If we aren’t in a relationship, we spend time thinking about what we are doing “wrong” and wishing we could be in one. “Why can’t I attract someone?” “Will I be alone forever?” “All the ‘good’ ones are gone.”
And, if we are in a relationship, we spend time evaluating the relationship itself as well as the other person. “Are they the ‘right’ one?” “Will we make it?” “Is this really what love is?”
It can be a roller coaster of hope, expectation, and frustration, over and over again.
That’s right—over and over again. What is it about the repeating element to intimate relationships? Our partner today may look different from the last one on the surface; however, the recurring dynamics of earlier relationships are likely to have taken the driver’s seat once again.
Through my work as a clairvoyant reader with the Inner Connection Institute, I have looked at thousands of relationships. Here are just a few of the insights that I have noticed:
- First, a majority of intimate relationships are built on the impulse to “feel better” or “be happier.” We are like a pie that is missing a piece. We look for someone to fill in that missing section. We look for someone to “make us happy” or “complete us.” We strike a deal. “If you make me happy, I will make you happy.”
- Most intimate relationships end because one of the two involved realizes that the other person isn’t actually making them happy. And/or, they are simply worn out from trying to make the other person complete.
- As much as we may want another person to make us feel better about ourselves, they can’t. As much as we may want to make someone else feel good about themselves, we can’t. We are the only one who can fill in the missing piece of our pie.

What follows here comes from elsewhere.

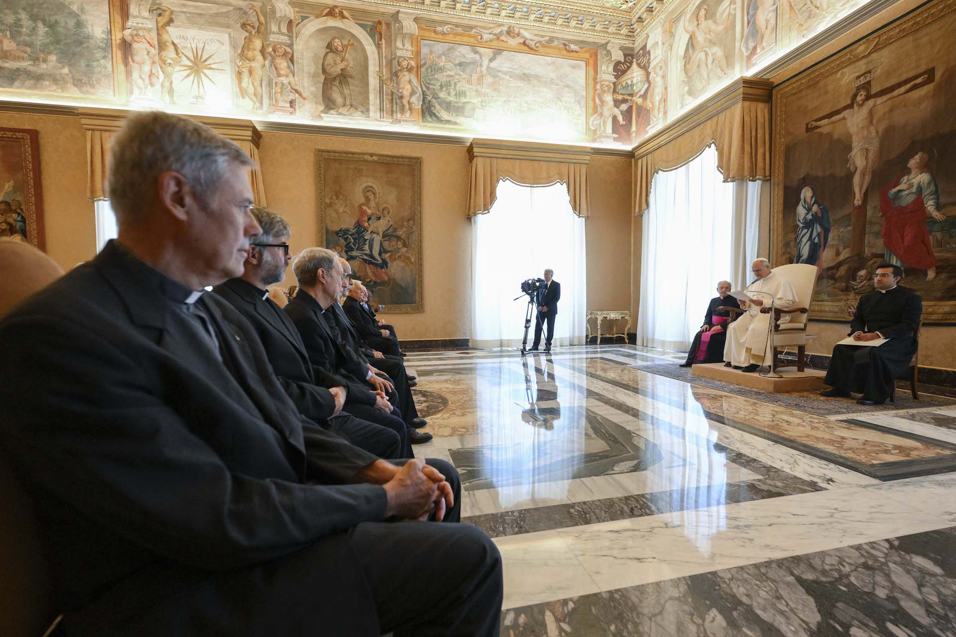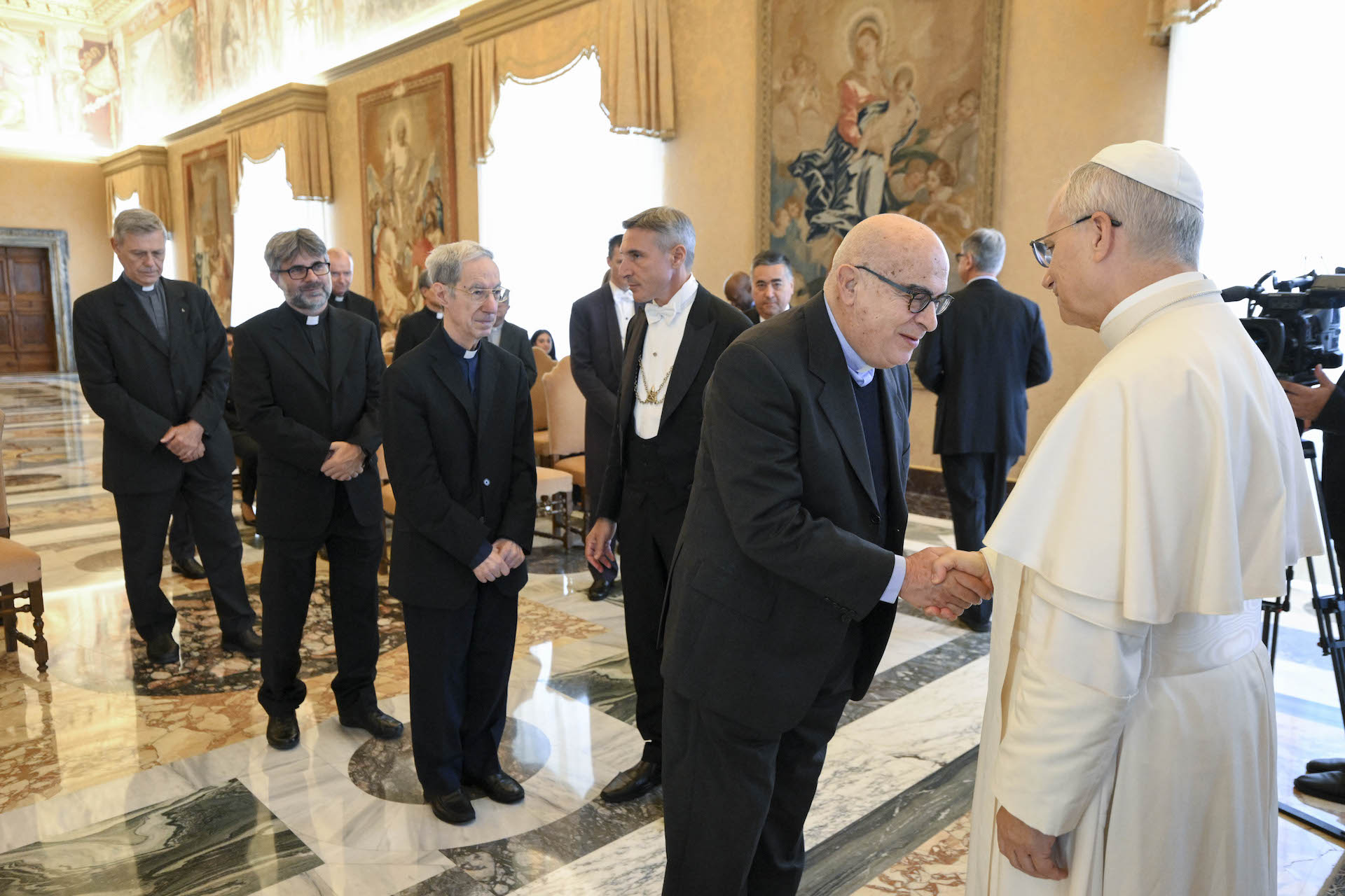 El jueves 25 de septiembre de 2025, el Papa León XIV recibió en audiencia, en la biblioteca privada del Palacio Apostólico, al p. Arturo Sosa S.I., Prepósito General de la Compañía de Jesús, y al p. Nuno da Silva Gonçalves S.I., director de «La Civiltà Cattolica». Tras este coloquio, en el Aula del Consistorio, el Pontífice se encontró con el Colegio de escritores junto a los demás padres de la comunidad de jesuitas, la comunidad de religiosas y los colaboradores de la revista y de la comunidad. Con ocasión de este encuentro, el Colegio de escritores quiso ofrecer al Santo Padre una recopilación de escritos sobre san Agustín aparecidos en la revista a lo largo de los últimos setenta años.

OK, I know these observations may be sobering. However, there is an upside!
The key to creating a healthy relationship is to fill in our own missing pie piece.
We are the only ones that can fill in the empty or wounded places in our heart. And, as we turn toward taking charge of our own well-being and contentment, we free ourselves from the trap of using relationships to fill in our gaps.
When two individuals are taking care of themselves, tending to their own needs and wounds, they can come into a relationship in complete circles. Neither is looking to the other person to fill in their empty spaces. Then, those circles are free to overlap, like a Venn diagram. Each can enjoy shared love, communication, and adventure as they continue to care for their own circle of well-being.
How can we turn inward to heal and in so doing build healthier relationships with our partners? One way is through meditation, taking time to get quiet within so we can identify our missing pie pieces and tend to them. We can look at and release the energetic patterns that are creating the same type of partner and relationship dynamics over and over again.
Yes, you can look for love in all the right places. Look within. Look to you.